IndoNLP

PERILAKU TAHAN BANTING DAN FLEKSIBEL | RESILIENCE | VITAMIN DI MASA PANDEMI

 

Perilaku Tahan Banting dan Fleksibel

Dalam masa pandemi ini resilience sangatlah dibutuhkan. Apa dan bagaimana caranya?

Hidup tidak selalu mulus, datar, tanpa ada gejolak serta riak-riak gelombang. Kondisi yang kurang enak dan tidak nyaman bisa datang kapan saja, seperti: kehilangan pekerjaan, perceraian, atau kematian orang tercinta.

 

Bagaimana Anda merespon hal itu?

Tersungkur, meratapi nasib dan menyerah?

Atau kembali bangkit dan lebih membulatkan tekad?

 

Resilience adalah ketangguhan, ketahanan, kelenturan atau fleksibilitas seseorang dalam menghadapi sebuah situasi bermasalah. Resilience berkaitan dengan kemampuan seseorang untuk melakukan adaptasi pada kondisi yang kurang menguntungkan, sehingga mampu membulatkan tekad untuk kembali ‘berdiri’ setelah jatuh dan terpuruk.

 

Apa itu Resilience?

Apabila hidup Anda ‘datar-datar saja’ dan tidak pernah mengalami gejolak sama sekali, Anda tidak akan tahu seberapa tangguh (resilient) diri Anda. Namun ketika Anda dihadapkan pada kendala, stres, atau ancaman, maka resilient akan muncul. Alih-alih menyerah dan mundur, Anda bisa meresponnya dengan berusaha mencari solusi untuk mengatasinya. Lalu, apa sih sebenarnya yang menyebabkan perbedaan respon antara orang yang satu dengan yang lainnya? Mengapa ada orang yang tahan banting, sementara yang lainnya mudah stres? Menurut Norman Garmezy, pakar perkembangan anak dari University of Minnesota, kendala, stressor atau ancaman bisa muncul dalam berbagai bentuk. Bisa berupa status sosial ekonomi yang kurang menguntungkan, kondisi rumah yang kurang kondusif, perceraian, sakit kronis, kecelakaan fatal, dlsb.

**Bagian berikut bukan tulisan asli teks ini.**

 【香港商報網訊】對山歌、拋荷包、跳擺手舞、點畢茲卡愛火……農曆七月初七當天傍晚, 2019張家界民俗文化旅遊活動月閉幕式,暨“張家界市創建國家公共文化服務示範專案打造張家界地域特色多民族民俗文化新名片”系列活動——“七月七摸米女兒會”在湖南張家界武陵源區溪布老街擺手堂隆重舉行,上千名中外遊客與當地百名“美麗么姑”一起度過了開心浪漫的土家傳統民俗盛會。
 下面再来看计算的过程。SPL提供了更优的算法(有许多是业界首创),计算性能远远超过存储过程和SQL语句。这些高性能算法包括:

Tentu saja durasi dan intensitas stressor akan mempengaruhi sikap dan cara seseorang dalam menghadapinya. Untuk stressor yang kehadirannya mendadak, intensitasnya umumnya tinggi. Sebaliknya, jika stressor berasal dari sesuatu yang sudah berlangsung lama (kronik), intensitasnya lebih rendah.

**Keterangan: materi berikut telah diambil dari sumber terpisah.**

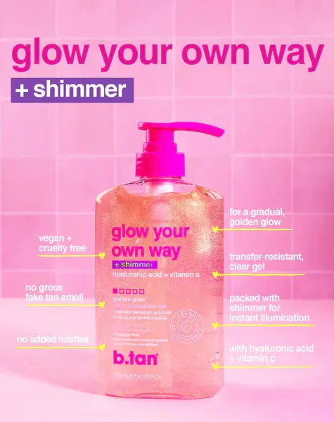 Le B.tan Glow Your Own Way Shimmer Gradual Self Tan Gel est l'autobronzant parfait pour un éclat doré avec une touche scintillante. Ce gel clair et anti-transfert développe progressivement un bronzage hâlé naturel, tandis que ses particules dorées illuminent immédiatement votre peau. Que vous souhaitiez créer un nouveau bronzage ou raviver votre couleur existante, cette formule vous garantit un glow à faire pâlir d’envie !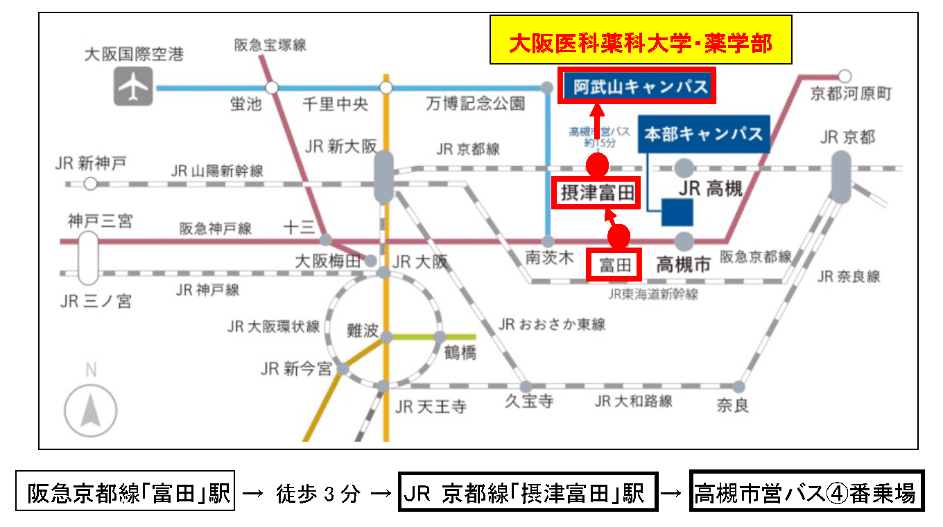JR「摂津富田」駅の高槻市営バス「JR 富田駅」④番乗場から「大阪医科薬科大学(薬学部)」行又は「公団阿武山」行乗車で「大阪医科薬科大学(薬学部)」下車すぐ。所要時間: 約15分

Resilience berubah dari waktu ke waktu, tergantung pengaruh mana yang lebih besar – stressor atau resilience. Bila stressornya kuat, resilience akan kewalahan. Resilience pada setiap orang berbeda-beda. Ada yang sebelumnya tidak cukup tangguh, tetapi ketika dihadapkan pada masalah, orang ini mampu belajar bagaimana caranya survive. Karena sifatnya yang bisa berubah dari waktu ke waktu itulah maka resilience bisa dipelajari dan dilatih.

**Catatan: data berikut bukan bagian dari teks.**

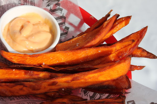 Cut potatoes plank style - ¼" thick by ½" wide. Place in a large bowl of cold ice water and chill in fridge for 30 minutes, changing water 3 times. Drain, pat completely dry.

Elemen utama dari resilience adalah sudut pandang (frame). Persisnya, tergantung bagaimana seseorang “membingkai” sebuah kejadian atau peristiwa, apakah menjadi traumatis atau malah dianggap sebagai kesempatan untuk belajar dan berkembang. Sebuah peristiwa yang berpotensi menimbulkan akibat traumatis, misalnya kematian mendadak orang tercinta, seseorang akan cenderung berduka. Namun jika ia dapat melihat peristiwa itu dari sisi positifnya, misalnya menjadi lebih sadar atau perduli untuk menjaga kesehatan atau menjadi lebih dekat dengan anggota keluarga, maka peristiwa itu tidak menjadikan traumatis. Akan ada hikmah yang dapat dipetik dari setiap peristiwa.

Seseorang yang punya fondasi spiritual atau religius kuat umumnya lebih tangguh dibandingkan dengan yang tidak. Kejadian yang membuat stres atau traumatis belum tentu akan terus berdampak negatif pada seseorang, tergantung pada bagaimana orang itu membentuk bingkai atau frame-nya.

Cara pandang positif bisa dipelajari dan dilatih. NLP memiliki tools untuk melatih agar seseorang tidak selalu rapuh/rentan dengan melakukan Reframing (membingkai ulang). Baik meaning reframing maupun context reframing.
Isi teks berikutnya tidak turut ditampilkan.